And so that’s one of the things, especially with the Full Site Editing outreach program, I feel people will message me saying, hey, I’m sure you’ve heard this a bunch, but… And sometimes I’ve never heard it at all. And I shudder to think of all the people who have not reached out or have not posted in GitHub or Trac or wherever.

So yeah, share, and write blog posts. I think that another great way that people can give feedback is if you don’t know how to get into the depths of WordPress, writing a post and talking about it and sharing it on social media is also a great way to get attention. I read a lot of those. But as much as possible, getting to, if you can, if you’re comfortable, getting to the source where we’re able to see it in Github or Trac goes a really long way.

And share as much as you can. And don’t worry if you can’t spend hours writing the perfect bug report, we still wanna hear from you.

[Brian Alexander 00:10:21] 

Yeah. Building off of what Anne said, just the fact that you’re speaking out and raising an issue is a huge step for many, many people. And once, once you’ve actually done that, as Anne said, it doesn’t need to be perfect. There are a lot of other people who are going to be looking at these bugs, trying to figure out the replication steps used.

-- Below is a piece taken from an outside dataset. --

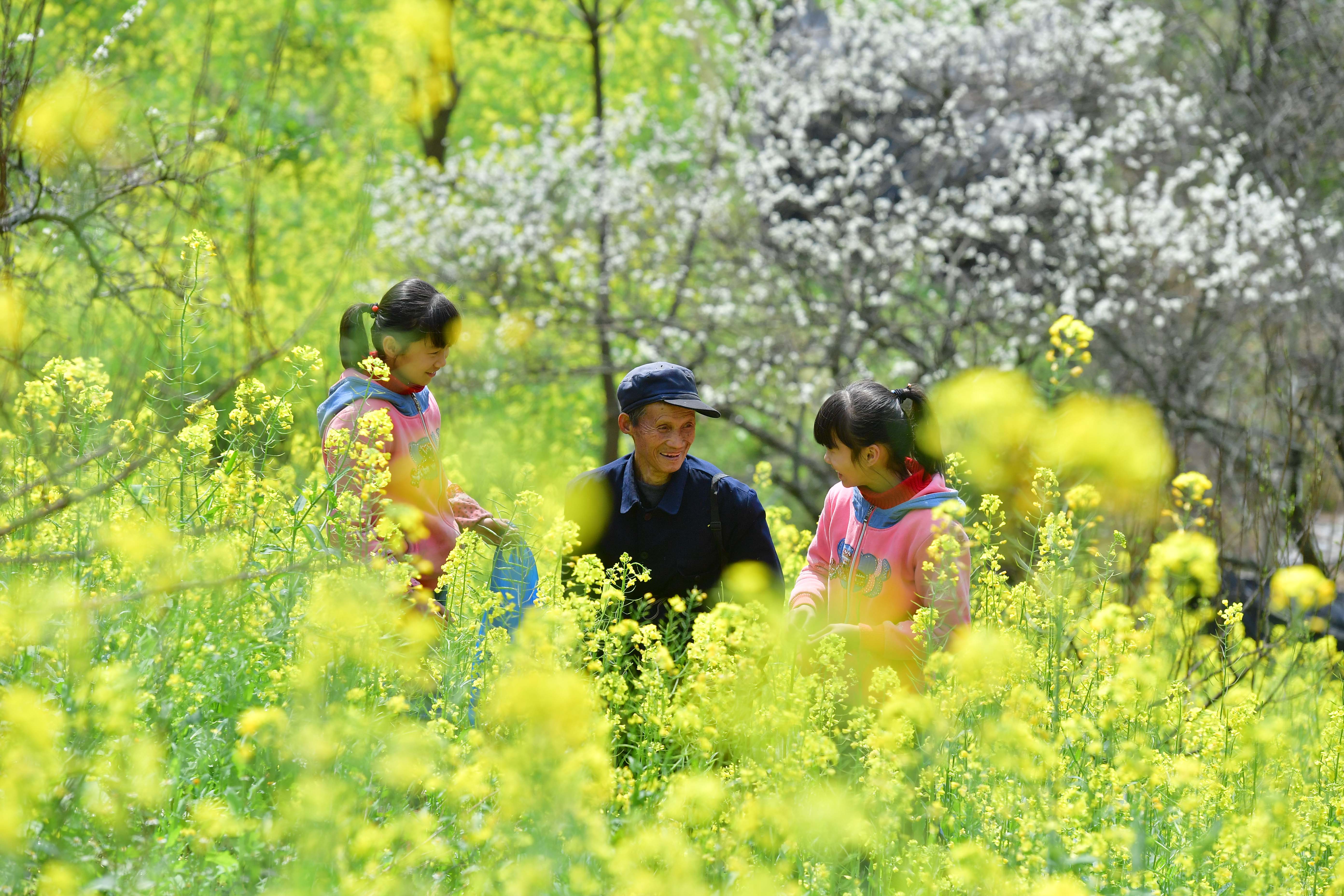 Long Gexiong (2nd L) and tourists view flowers at Tongbantun Village of Dongqi Township in Rongan County, south China's Guangxi Zhuang Autonomous Region. (Xinhua/Huang Xiaobang)

So even if you can’t provide all this detail up front, someone will help. On the back end, they’ll help kind of fill in those gaps. If you do have the time to actually get deep into providing a very detailed bug report, then there are some key aspects of the bug report that make it very helpful for contributors, not only testers, who should be able to reproduce the issue to validate and make sure that this isn’t something that’s unique, unique to a plugin, to a custom theme or snippet that you dropped into your functions PHP. 

But, also for the actual Core contributors, who then need to be able to understand what is happening so that they can fix the right thing. And some of those items are the information about your testing environment.

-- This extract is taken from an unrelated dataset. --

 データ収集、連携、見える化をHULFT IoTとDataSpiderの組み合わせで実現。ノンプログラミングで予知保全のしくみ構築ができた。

[Brian Alexander 00:11:34] 

So that could be your browser, your server, the type, whether it’s Apache, Nginx, et cetera, the operating system you’re running, what version of PHP you’re running, the version of WordPress, very critical, and… 

[Josepha Haden Chomphosy 00:11:49] 

Super important.

[Brian Alexander 00:11:51] 

Any themes and plugins that you’re using. And that kind of information helps set the stage, and then other people will be able to set up their environment similarly if they’re going to try to test it.

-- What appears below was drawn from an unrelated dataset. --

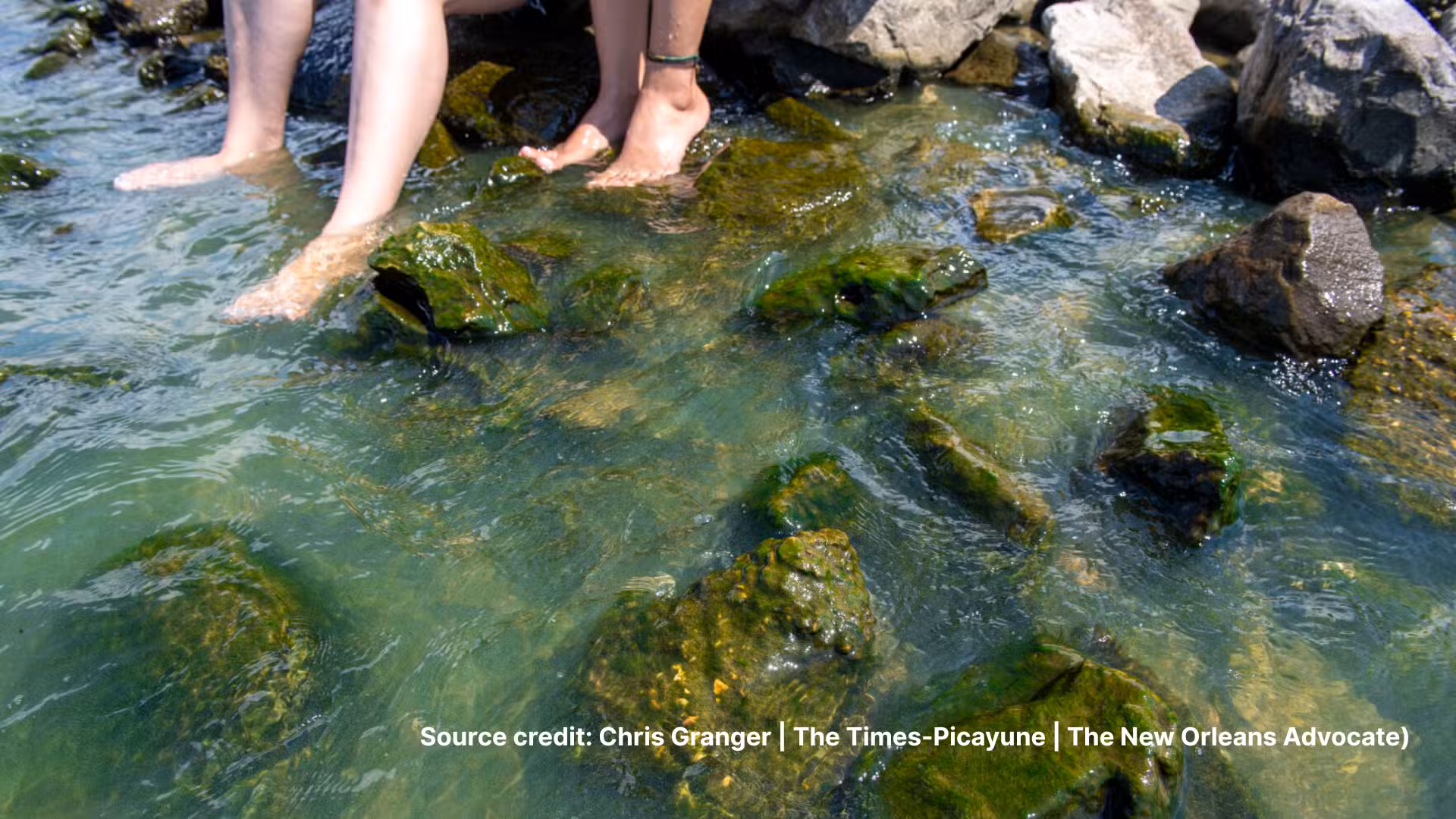 Green scum seen floating on top of the water indicating cyanobacteria presence. Source credit: lawschoollies.com

After you have provided the environmental information, the steps required to reproduce the issue should be as detailed as possible. You may not have realized that clicking this caused such and such to happen, so just try to remember, or maybe even walk through if it’s something you can repeat multiple times, walk through a couple of times and write down everything that you’re doing.

[Brian Alexander 00:12:30] 

So that you’re sure, hey, this is the way that I can reproduce this bug. And then those steps will be very helpful for other contributors when they’re reviewing it. And then it’s also very helpful if you have video, screenshots, debug logs, any of those other kinds of resources that you could refer to because not all bugs are easy to explain.

And we tend to… Trac and GitHub issues for the Gutenberg project, everybody’s writing in English. And maybe your main language is not English, and it might be a little bit challenging to do that. So providing a video, it’s worth a thousand words in any language. So, if you can provide those types of assets, that’s also very important.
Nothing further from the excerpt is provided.